KSL Holdings - Property Development Coming In Strongly

kiasutrader
Publish date: Thu, 29 Aug 2013, 10:50 AM

KSL’s 2Q13 results came in above our  and  market  expectations.  The strong earnings were mainly driven by higher progress billings from the ongoing  projects  in  Iskandar,  especially  in  Johor  Bahru.  Meanwhile, income  from  investment  properties  remained  stable.  We  maintain  our NEUTRAL  rating  and  MYR2.21  FV.  The  sector  outlook  is  increasingly challenging due to concerns on economic and regulatory risks. 

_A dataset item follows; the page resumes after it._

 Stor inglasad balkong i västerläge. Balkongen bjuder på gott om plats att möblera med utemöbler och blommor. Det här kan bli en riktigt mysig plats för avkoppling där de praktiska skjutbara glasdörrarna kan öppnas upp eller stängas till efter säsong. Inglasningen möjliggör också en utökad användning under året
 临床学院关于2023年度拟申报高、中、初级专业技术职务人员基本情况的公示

- Above  expectations.  KSL’s  2Q13  results  beat  our  and  market expectations, on an annualised basis. The sequential growth in earnings was  mainly  driven  by  strong  progress billings  from  the  ongoing projects in  Iskandar,  such  as  Taman  Nusa  Bestari  and  Taman  Kempas  Indah. The  take-up  rate  for  its  projects  in  Johor  Bahru  was  also  higher. Meanwhile,  revenue  from  the  shopping  mall,  hypermarkets  and  hotel remained stable. As expected, no dividend was declared.

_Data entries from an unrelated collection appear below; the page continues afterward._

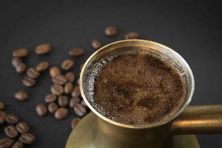 Turkish coffee in a copper cup on a dark background. Selective focus.
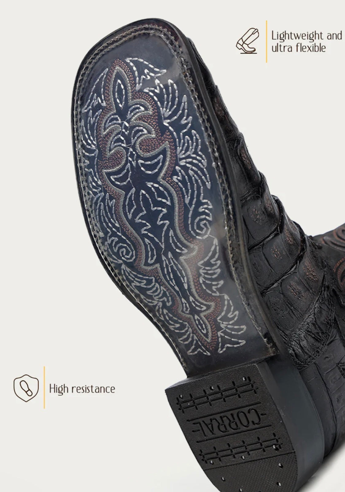 The embroidery pattern along the 12-inch shaft shows the attention to detail. This caiman boot is not only elegant but also very resistant and durable perfect for any occasion.
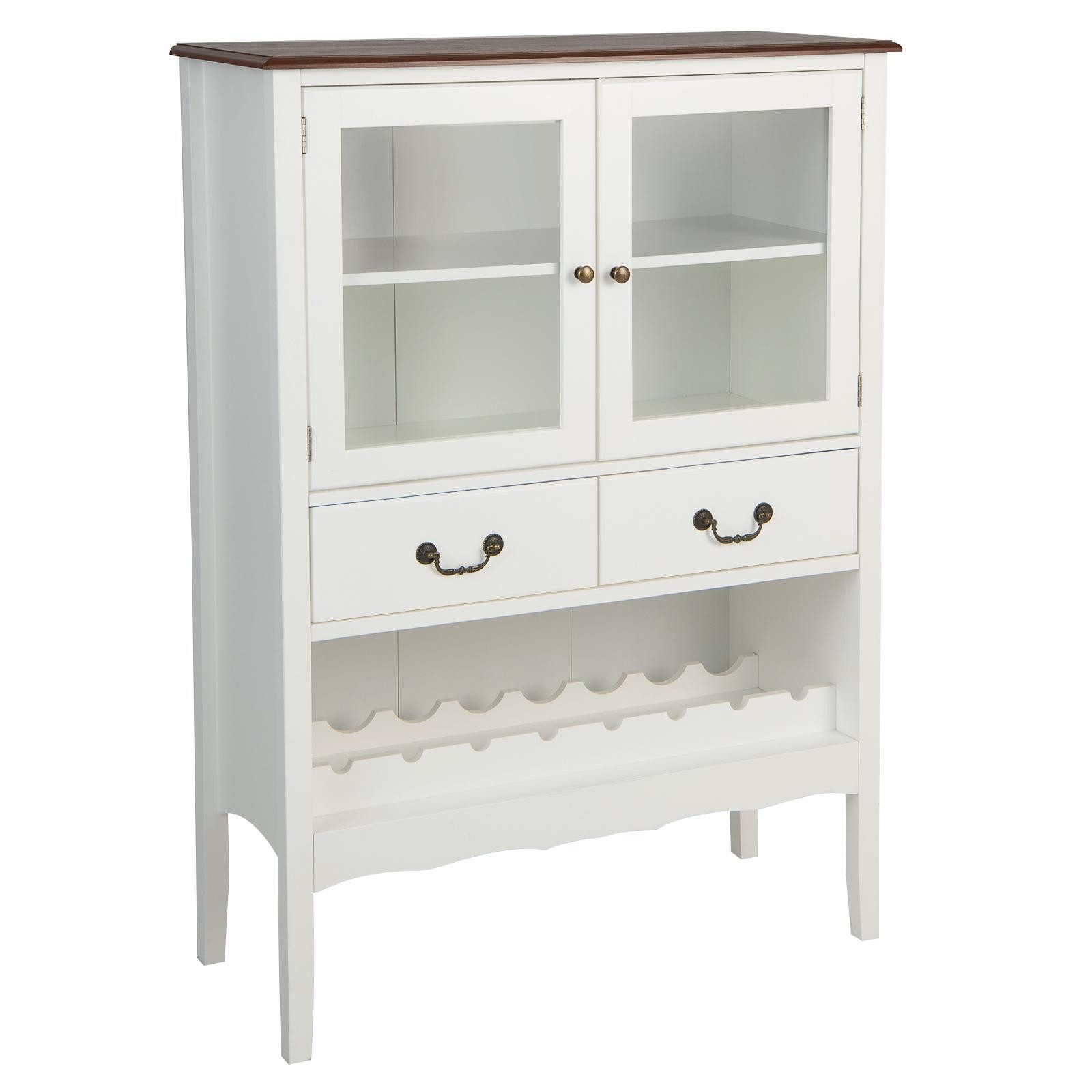 Möchten Sie eine Vitrine, um Ihre Weinsammlung perfekt zu präsentieren? Möchten Sie einen Schrank, in dem Sie all Ihre Küchenartikel problemlos aufbewahren können? Mit unserem Weinschrank bekommen Sie alles, was Sie brauchen! Die große Tischplatte aus dicken MDF-Platten und das offene Weinregal an der Unterseite bieten den perfekten Platz, um Ihren Wein zu präsentieren. Und das geschlossene Staufach mit Glastüren und zwei Schubladen kann zur Aufbewahrung wichtiger Gegenstände oder persönlicher Dinge genutzt werden. Gleichzeitig sorgen die stabilen MDF- und Kiefernholzplatten dafür, dass Ihre Gegenstände oben sicher stehen, und die Kippsicherung an der Rückseite des Weinschranks erhöht die Stabilität des Weinschranks und hält ihn an seinem Platz. Dieser Weinschrank ist nicht nur praktisch, sondern hat auch ein elegantes und schönes Aussehen, so dass er sich perfekt in jeden Einrichtungsstil einfügt, daher können Sie diesen Weinkühler je nach Ihren Bedürfnissen in verschiedenen Räumen aufstellen.
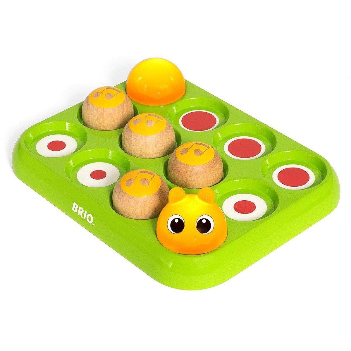 In einer tollen Kombination aus Technik und spielerischem Design bietet das BRIO Musikspiel Raupe deinem Kind eine tolle Möglichkeit, die Grundlagen der Musik und der Töne zu entdecken – und selbst Melodien zu schaffen. Durch das Einsetzen der Holzelemente in die Löcher wird jedes Mal ein Ton erzeugt. Kopf und Schwanz der Raupe können auf 10 verschiedene Arten miteinander verbunden werden, wobei jedes Mal eine andere Melodie erklingt. Ein perfektes Spielzeug, um die Sinne deines Kindes und das Verständnis für Ursache und Wirkung zu fördern.
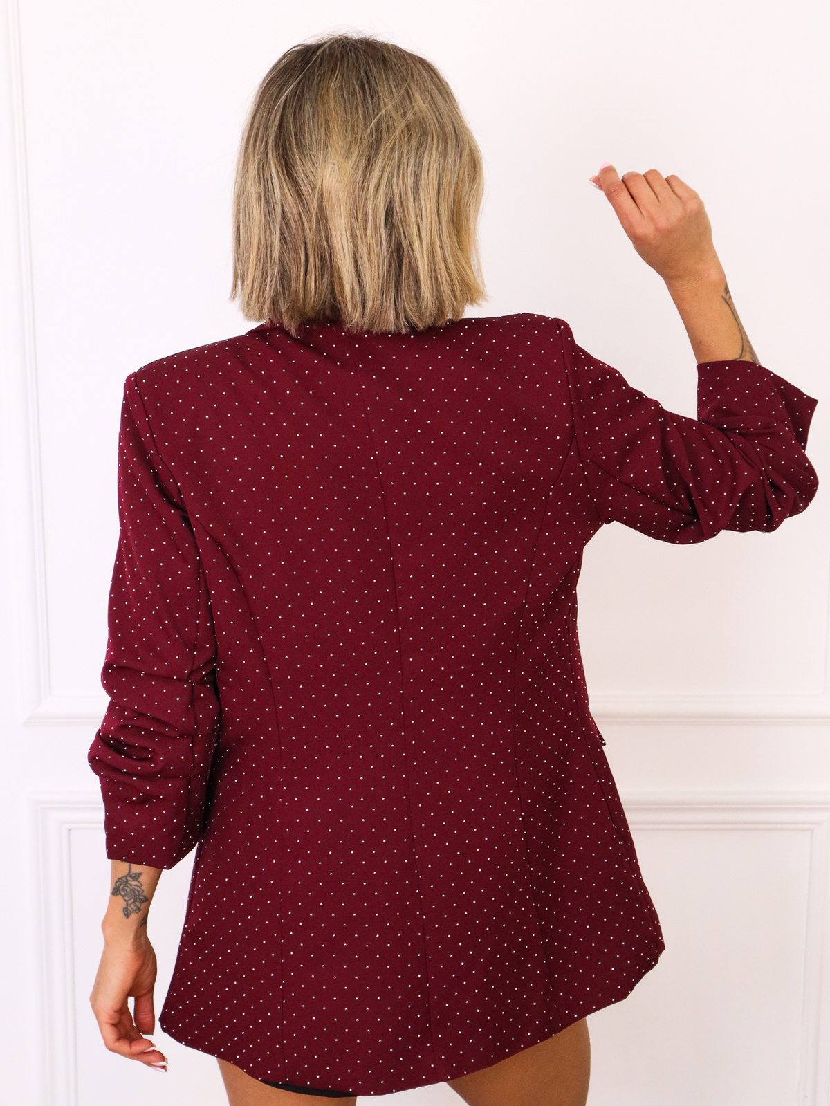 Marynarka onesize zdobiona cyrkoniami. Rękaw 3/4 z marszczeniem.
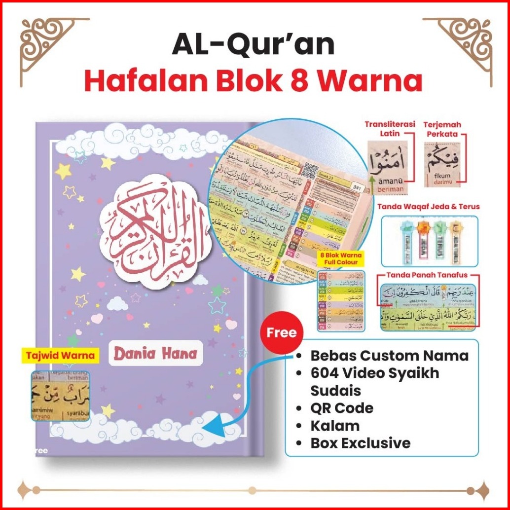 Alquran Hafalan Hafazan A5 Perkata Latin 8 Blok Warna Custom Nama Tajwid Warna Cocok Untuk Pemula 4 Murah
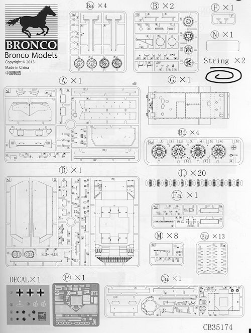 One can have the large side covers either open for the firing position or closed in the travelling position. A decision as to which way these will be modeled needs to be made fairly early in the build. There are also hatches in these side covers that can be opened when in the travelling position. Storage space is provided on the inside of these shields and the kit comes with a variety of helmets, guns and such to place there. A nicely done photo etch set is provides which consists of a variety of small braces, handles and other bits. There are three large screens for the back of the vehicle. Lengths of twine are included to use as tow cables.
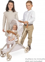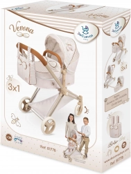 Élégante poussette pour poupées 3 en 1 de la collection VERONA, au design naturel subtil, avec une structure pliante et une nacelle amovible transformable en version sport. Elle offre une capote réglable, un harnais 3 points, des roues avant pivotantes pour une direction facile ainsi qu’un sac pratique et un panier de rangement. Un excellent choix pour les enfants dès 3 ans.
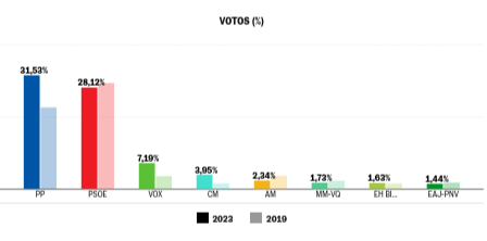 Los resultados tienen un denominador común: el ascenso de PP y VOX. Ell PP ha obtenido 1.988.092 votos que se nutren de 1.574.707 que han dejado de recibir las candidaturas de Ciudadanos, más los 368.212 que han dejado de votar al PSOE y que probablemente han migrado al PP.
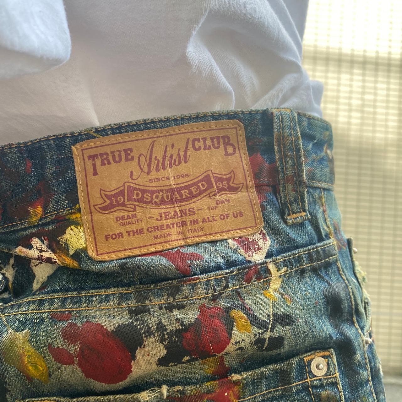 ダメージとペイント、レザーの大きさ完璧なコーデです!

- Margin  dropped  slightly  but  not  a  concern.  2Q13  EBIT  margin contracted  to  42%  from  49%  in  the  previous  quarter.  This  could  largely be  due  to  the  timing  of  its  construction  progress.  We  expect  margin  to stabilise at around 40-45% going forward.

- Forecasts.  We  make  no  changes  to  our  forecasts  at  this  juncture, pending an update from management. Accessibility to management has been  very  difficult,  and  we  believe  an improvement  in investor  relations will  help  the  company  better  realise  its  intrinsic  value.  KSL  has accumulated  a  quality  pool  of  assets,  which  provide  sustainability  in earnings.

- Maintain NEUTRAL. We maintain our NEUTRAL rating. Our fair value is kept at MYR2.21, based on a 50% discount to RNAV. While the Iskandar region  is  still  seeing  strong  buying  momentum,  we  believe  the  supply issue will arise over the short term. KSL’s township in Bandar Bestari Klang will, however, mitigate the risk.